At the start of October I found myself between roles at work and with an increasing desire to escape London for the last of the summer sun. Flights to Oslo were cheap but the forecast dreary. Ireland was tempting but I’m not sure how fun Dublin is alone. (Sadly no friends found themselves with similarly last minute leave!)
So, to Trieste I went! Or rather, I flew in to Venice then caught the coastal train across to Trieste as the sun set on the sea. The golden sky was quickly replaced by a monsoon as we pulled in, which ironically coincided with the BBC weather app glitching to predict typhoons across Europe.
After finding my tiny hotel room in the centre of the city, I postponed my plans to explore and instead sought refuge from the lashing rain and whirling winds in a warm looking taverna. For a first solo dinner experience, it was pretty great - delicious food (obviously) and good people watching.
As is (happily) often the case, I woke up to blue blue skies and sun pouring through the shutters before consuming the first of many croissants and cappuccinos. My trip coincided with a sailing festival so the harbour front was studded with stalls and filled with locals admiring swanky yachts and their Prosecco drinking owners.
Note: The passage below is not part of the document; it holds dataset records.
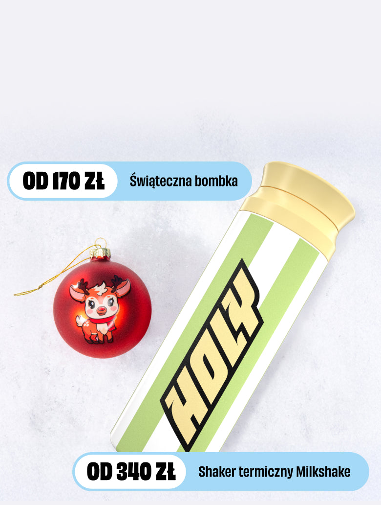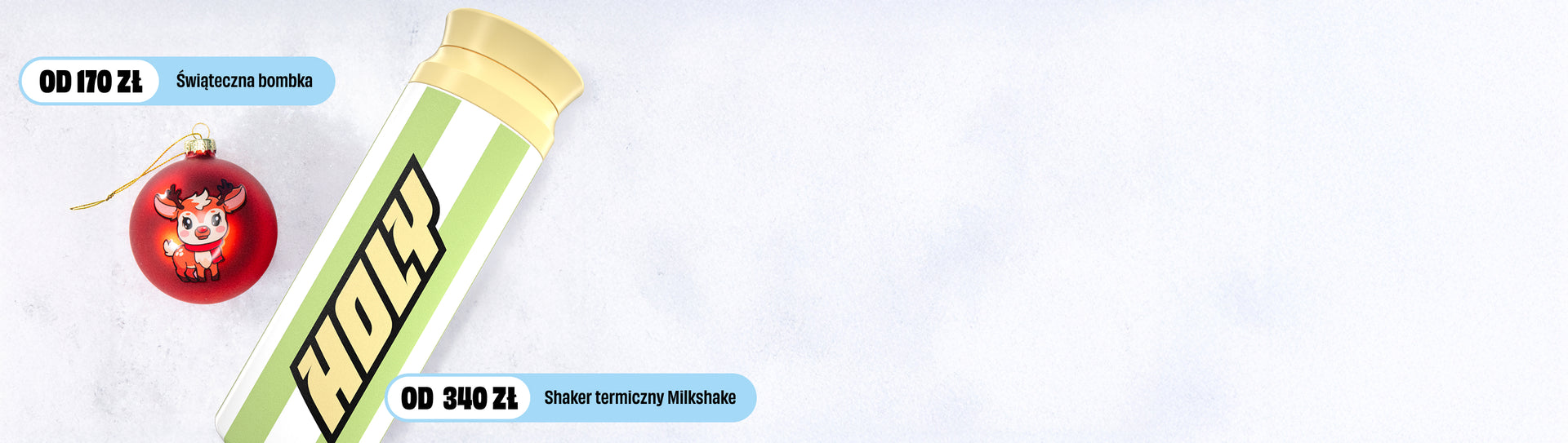 Przy zamówieniu powyżej 170 zł otrzymasz świąteczną bombkę, a powyżej 340 zł zgarniesz shaker termiczny Milkshake – idealny do naszego nowego świątecznego smaku!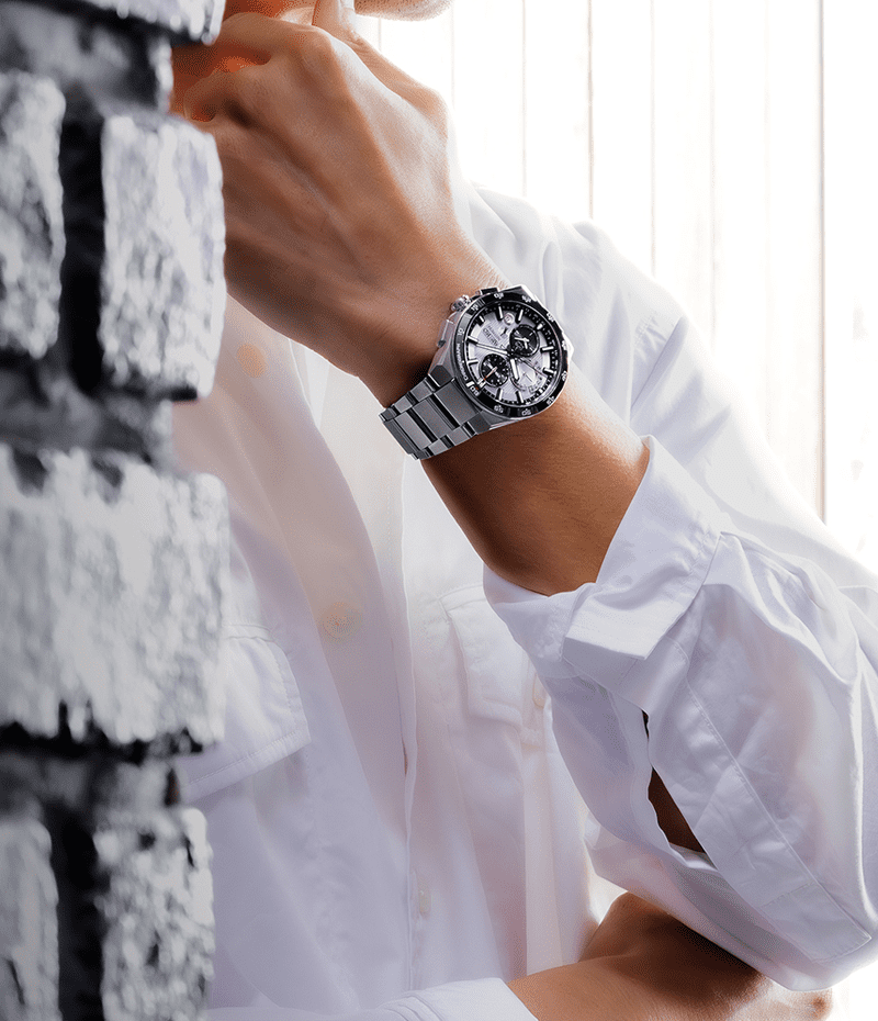 硬質で傷つきにくいセラミックスベゼルとチタン製の飾り縁を組み合わせた二体構造ベゼルに、“CHRONOGRAPH”の文字とアラビア数字をマーキングすることで、よりスポーティなデザインに仕上げました。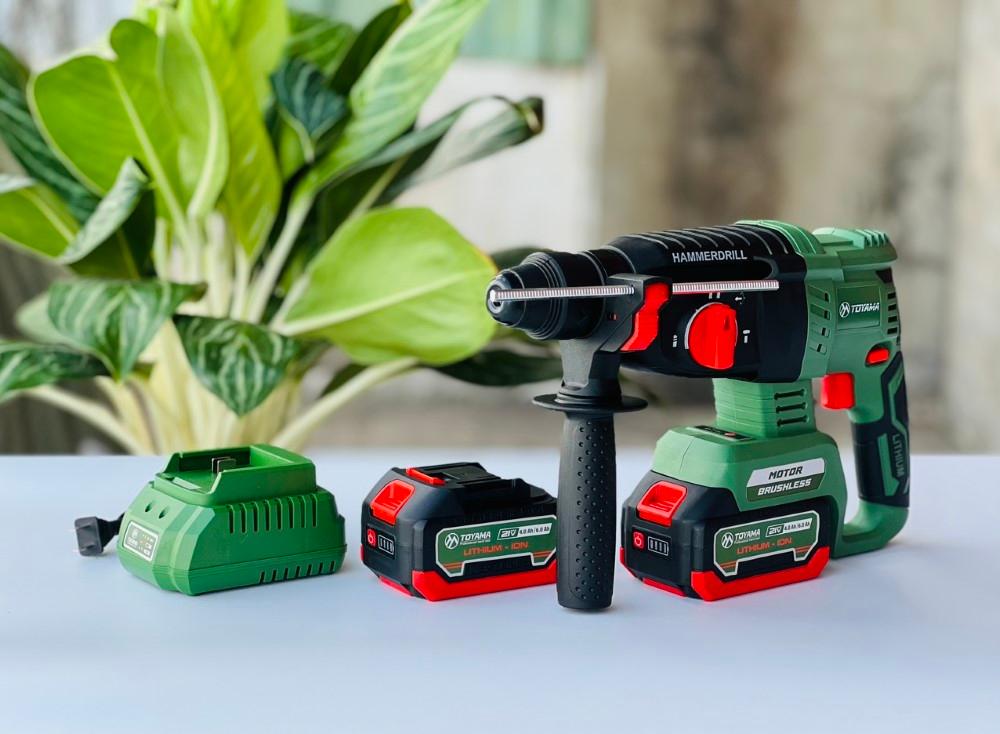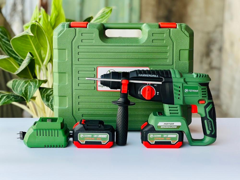 MÁY KHOAN ĐỤC BÊ TÔNG PIN 21V SIÊU KHỎE TOYAMA BT01| CẢ BỘ 2 PIN 21V/4AH + 1 SẠC | GIÁ HƠN 1 TRIỆU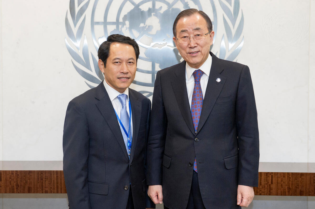 Secretary-General Ban Ki-moon (right) meets with Saleumxay Kommasith, Permanent Representative of the Lao People’s Democratic Republic to the UN and Chair of the Group of the Landlocked Developing Countries (LLDCs).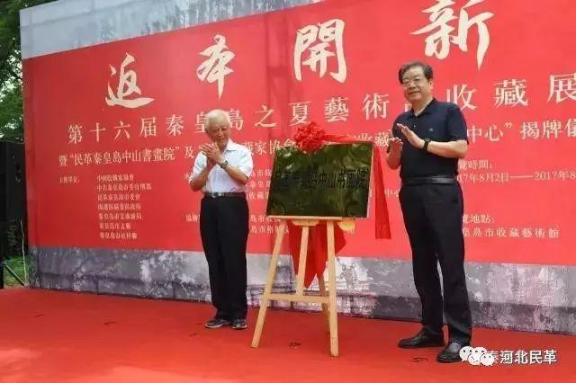 8月2日,民革秦皇岛中山书画院在秦皇岛市收藏艺术馆举行揭牌仪式。全国人大常委会原副委员长、民革中央原主席周铁农,河北省政协副主席、民革河北省委主委卢晓光为民革秦皇岛中山书画院揭牌。周铁农主席为书画院亲笔题字“中山书画院”。
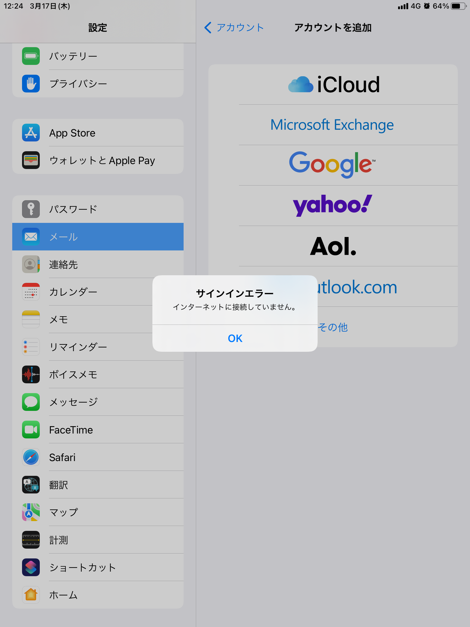 設定→メール→アカウント→アカウントを追加→google→サインエラー インターネットに接続していません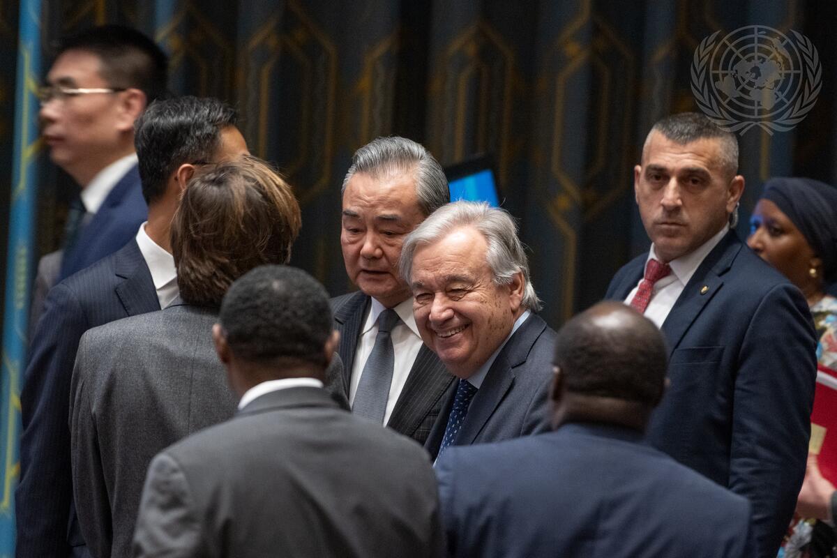 Secretary-General António Guterres (front centre facing the camera) arrives to attend the Security Council meeting on the situation in the Middle East, including the Palestinian question. To his left is Wang Yi, Member of the Political Bureau of the CPC Central Committee and Minister for Foreign Affairs of China.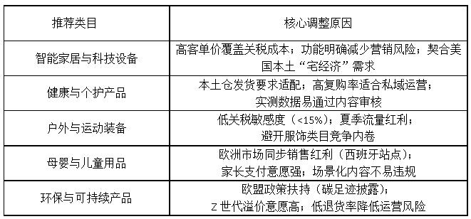 避开高关税敏感品类,转向高溢价商品,以下表格是一些推荐选择的品类:

Following a morning spent pounding the pavements, including a climb up to an epic viewpoint, I could resist no longer and made the (longer than expected) walk to the sea. It could easily have been august, but for the distinct lack of people actually in the water. The handful of swimmers, however, was enough to dispel my jellyfish fears so in I went.
Day two was perhaps one of the most scenic of my life thus far. And that’s not just blog-induced theatricals. After another croissant albicocca I caught a bus to Castello di Miramare - a fairytale former residence of Austrian Archduke Ferdinand Maximilian (younger brother of Franz Josef) and his wife, Charlotte of Belgium. Schloss Schönbrunn won’t quite look the same again I fear. Think Gatsby turrets and Alice in Wonderland botanical gardens overlooking a turquoise ocean, set against a gently craggy coastline. If magic exists, I’m pretty sure you’d find it there.
Day three didn’t go quite as planned but after such a dreamy afternoon in the Miramare grounds the day before, I couldn’t complain. Due to a national rail strike (!), my 10am train to Venice was unfortunately replaced by fortunate last seat aboard a 6pm Flixbus. But there was something pretty exciting about arriving in Venice by night and scurrying through a multitude of dark alleyways, confident that I was going to be hurled into the canal by a masked stranger around every corner. Both Thomas Mann and Ian Fleming have a lot to answer for.
After my only night in the city, I woke up with a resolve to see as much as possible by using google maps as little as possible. I nosed into a million churches, admired a billion glass ornaments and exploited the Italian food scene a few final times - highlights including an array of lunchtime cicchetti followed by a selection of pasticceria delights.
And then I caught the vaporetto to the airport and zipped across the sea back to reality!